We have this 2016 race covered the way only CNN can. Let's begin with senior Washington correspondent, Joe Johns. Good morning, Joe.

JOE JOHNS, CNN SENIOR WASHINGTON CORRESPONDENT: Good morning, Alisyn. The president really left the question alone, leaving it up to the Clinton campaign to respond, and Hillary Clinton actually did respond overnight to the latest development in the e-mail controversy that has dogged her campaign since she got into the race, sticking to one of the message themes she has used before on the issue after that scathing new inspector general's report that said she broke the rules while she was secretary of state, that she should have surrendered all government related e-mails when she left office. Listen.


HILLARY CLINTON, (D) PRESIDENTIAL CANDIDATE: Just like previous secretaries of states, I used a personal e-mail. Many people did. It was not at all unprecedented. I have turned over all of my e-mails. No one else can say that. I have been incredibly open about doing that. I will continue to be open. And it's not an issue that is going to affect either the campaign or my presidency.

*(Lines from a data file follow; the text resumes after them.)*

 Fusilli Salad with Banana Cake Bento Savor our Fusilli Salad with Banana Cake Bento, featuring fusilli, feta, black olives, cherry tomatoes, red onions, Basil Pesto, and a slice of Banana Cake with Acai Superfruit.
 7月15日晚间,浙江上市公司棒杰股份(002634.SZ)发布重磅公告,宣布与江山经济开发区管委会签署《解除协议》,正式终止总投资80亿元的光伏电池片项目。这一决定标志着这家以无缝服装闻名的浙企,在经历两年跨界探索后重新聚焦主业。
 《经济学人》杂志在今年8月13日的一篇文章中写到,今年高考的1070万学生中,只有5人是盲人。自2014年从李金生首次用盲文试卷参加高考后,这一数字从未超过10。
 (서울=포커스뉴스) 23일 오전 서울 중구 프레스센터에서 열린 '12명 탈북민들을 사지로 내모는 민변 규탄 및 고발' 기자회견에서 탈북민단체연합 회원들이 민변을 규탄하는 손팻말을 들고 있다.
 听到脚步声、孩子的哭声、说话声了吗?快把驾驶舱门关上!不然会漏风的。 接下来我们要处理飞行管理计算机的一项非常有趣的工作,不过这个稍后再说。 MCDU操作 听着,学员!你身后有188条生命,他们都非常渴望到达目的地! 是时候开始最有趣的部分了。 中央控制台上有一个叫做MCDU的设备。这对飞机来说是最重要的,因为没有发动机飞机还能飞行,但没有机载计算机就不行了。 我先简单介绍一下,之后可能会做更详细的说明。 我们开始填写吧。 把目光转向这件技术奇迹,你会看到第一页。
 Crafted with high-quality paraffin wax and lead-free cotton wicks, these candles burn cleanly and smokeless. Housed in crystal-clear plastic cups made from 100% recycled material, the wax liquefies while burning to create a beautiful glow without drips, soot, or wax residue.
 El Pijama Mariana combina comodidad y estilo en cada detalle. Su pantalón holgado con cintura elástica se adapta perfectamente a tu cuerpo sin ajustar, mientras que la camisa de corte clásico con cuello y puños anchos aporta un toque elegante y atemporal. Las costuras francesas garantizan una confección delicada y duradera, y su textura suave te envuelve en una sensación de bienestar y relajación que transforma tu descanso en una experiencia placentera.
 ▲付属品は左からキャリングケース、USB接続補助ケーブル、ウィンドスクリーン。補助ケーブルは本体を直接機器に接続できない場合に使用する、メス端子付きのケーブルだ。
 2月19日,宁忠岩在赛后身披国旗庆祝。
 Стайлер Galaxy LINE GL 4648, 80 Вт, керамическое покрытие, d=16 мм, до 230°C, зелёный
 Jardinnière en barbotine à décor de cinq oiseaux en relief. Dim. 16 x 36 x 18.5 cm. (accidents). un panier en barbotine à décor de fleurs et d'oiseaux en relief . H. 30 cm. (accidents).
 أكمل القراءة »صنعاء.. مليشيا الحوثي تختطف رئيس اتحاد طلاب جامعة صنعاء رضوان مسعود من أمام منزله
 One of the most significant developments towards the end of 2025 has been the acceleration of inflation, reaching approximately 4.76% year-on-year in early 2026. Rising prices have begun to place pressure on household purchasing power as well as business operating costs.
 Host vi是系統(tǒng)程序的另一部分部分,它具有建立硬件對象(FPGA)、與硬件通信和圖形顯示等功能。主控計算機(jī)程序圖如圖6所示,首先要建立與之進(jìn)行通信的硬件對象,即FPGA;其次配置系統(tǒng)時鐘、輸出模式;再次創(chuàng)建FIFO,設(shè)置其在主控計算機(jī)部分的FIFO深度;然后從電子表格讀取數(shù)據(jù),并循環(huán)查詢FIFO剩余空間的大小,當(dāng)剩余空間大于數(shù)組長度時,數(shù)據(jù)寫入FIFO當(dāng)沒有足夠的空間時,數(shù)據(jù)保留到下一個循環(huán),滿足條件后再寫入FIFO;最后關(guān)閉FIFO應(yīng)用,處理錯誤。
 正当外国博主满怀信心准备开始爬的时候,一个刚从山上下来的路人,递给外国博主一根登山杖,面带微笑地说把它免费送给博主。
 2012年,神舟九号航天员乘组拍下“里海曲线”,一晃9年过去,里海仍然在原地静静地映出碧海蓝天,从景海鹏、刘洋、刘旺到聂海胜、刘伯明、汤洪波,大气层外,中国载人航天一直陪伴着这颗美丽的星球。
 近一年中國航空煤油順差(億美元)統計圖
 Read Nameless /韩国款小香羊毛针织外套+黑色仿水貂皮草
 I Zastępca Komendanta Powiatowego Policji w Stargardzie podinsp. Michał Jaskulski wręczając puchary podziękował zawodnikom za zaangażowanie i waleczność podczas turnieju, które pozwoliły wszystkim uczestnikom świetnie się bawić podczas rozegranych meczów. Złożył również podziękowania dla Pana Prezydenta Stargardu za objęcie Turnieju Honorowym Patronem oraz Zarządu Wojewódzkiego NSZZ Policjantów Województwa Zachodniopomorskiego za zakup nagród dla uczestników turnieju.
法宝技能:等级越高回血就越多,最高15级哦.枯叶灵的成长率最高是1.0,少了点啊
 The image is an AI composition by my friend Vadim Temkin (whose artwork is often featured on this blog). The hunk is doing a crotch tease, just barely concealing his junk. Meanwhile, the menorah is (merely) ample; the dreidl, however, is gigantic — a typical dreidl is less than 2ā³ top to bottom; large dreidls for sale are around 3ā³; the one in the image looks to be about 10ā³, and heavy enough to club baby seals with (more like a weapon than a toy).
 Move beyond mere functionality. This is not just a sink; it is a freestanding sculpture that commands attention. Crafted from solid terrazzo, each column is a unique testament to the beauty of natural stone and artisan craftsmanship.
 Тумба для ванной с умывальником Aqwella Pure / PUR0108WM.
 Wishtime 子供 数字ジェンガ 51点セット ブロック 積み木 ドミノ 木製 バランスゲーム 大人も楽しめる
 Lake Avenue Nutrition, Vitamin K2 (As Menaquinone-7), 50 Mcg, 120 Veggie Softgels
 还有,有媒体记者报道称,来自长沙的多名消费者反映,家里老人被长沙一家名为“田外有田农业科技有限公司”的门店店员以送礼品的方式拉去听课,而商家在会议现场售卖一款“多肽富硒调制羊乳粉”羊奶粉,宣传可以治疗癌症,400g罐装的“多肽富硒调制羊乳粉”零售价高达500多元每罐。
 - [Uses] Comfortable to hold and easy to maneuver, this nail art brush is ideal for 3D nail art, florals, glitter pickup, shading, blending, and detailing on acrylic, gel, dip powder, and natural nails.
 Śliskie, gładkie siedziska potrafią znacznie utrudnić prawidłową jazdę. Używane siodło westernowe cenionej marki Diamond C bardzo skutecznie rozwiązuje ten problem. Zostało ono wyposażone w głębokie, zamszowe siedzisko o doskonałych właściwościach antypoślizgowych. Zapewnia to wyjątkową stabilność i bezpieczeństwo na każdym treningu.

JOHNS: That I.G. audit pointed to system-wide weaknesses and electronic recordkeeping at the State Department that spanned other administrations, a report also critical of former secretary of state Colin Powell's e-mail practices. But the audit also said Mrs. Clinton did not get approval to conduct official e-mail, private server, which contradicts what her campaign has made in the past, politically yet another problem for the Clinton campaign that puts her back on defense just a couple weeks away from the California primary, Ana.

CABRERA: Joe Johns, thank you.

We might just see another debate in the primary race, but not between the two people you would expect. In fact, Donald Trump has accepted a challenge to debate Bernie Sanders, proposing that they go toe to toe for charity ahead of the California primary. And he is blasting Hillary Clinton over the e-mail controversy as well. CNN's Sara Murray is live in Los Angeles with more. Sara?

SARA MURRAY, CNN CORRESPONDENT: Good morning, Ana. We have had a lot of "is this really happening" moment throughout this presidential campaign, and here is another one. Donald Trump sort of making this lighthearted suggestion he would be willing to debate Bernie Sanders, but now it sounds like Bernie is on board.


MURRAY: Donald Trump is jumping at an invitation from Bernie Sanders to debate before the California's June 7th primary if the price is right.

JIMMY KIMMEL, LATE NIGHT TALK SHOW HOST: Yes or no, he wants to know if you'll debate him?

[08:05:00] TRUMP: Yes, I am. How much is he going to pay me?

KIMMEL: You would do it for a price? What would be the price be?

TRUMP: Because if I debated him, we would have such high ratings, and I think I should give -- take that money and give it to some worthy charity. MURRAY: Sanders responding on Twitter, saying "Game on." Talking to

Jimmy Kimmel, Trump also admitting he has used aliases to scope out properties in the past.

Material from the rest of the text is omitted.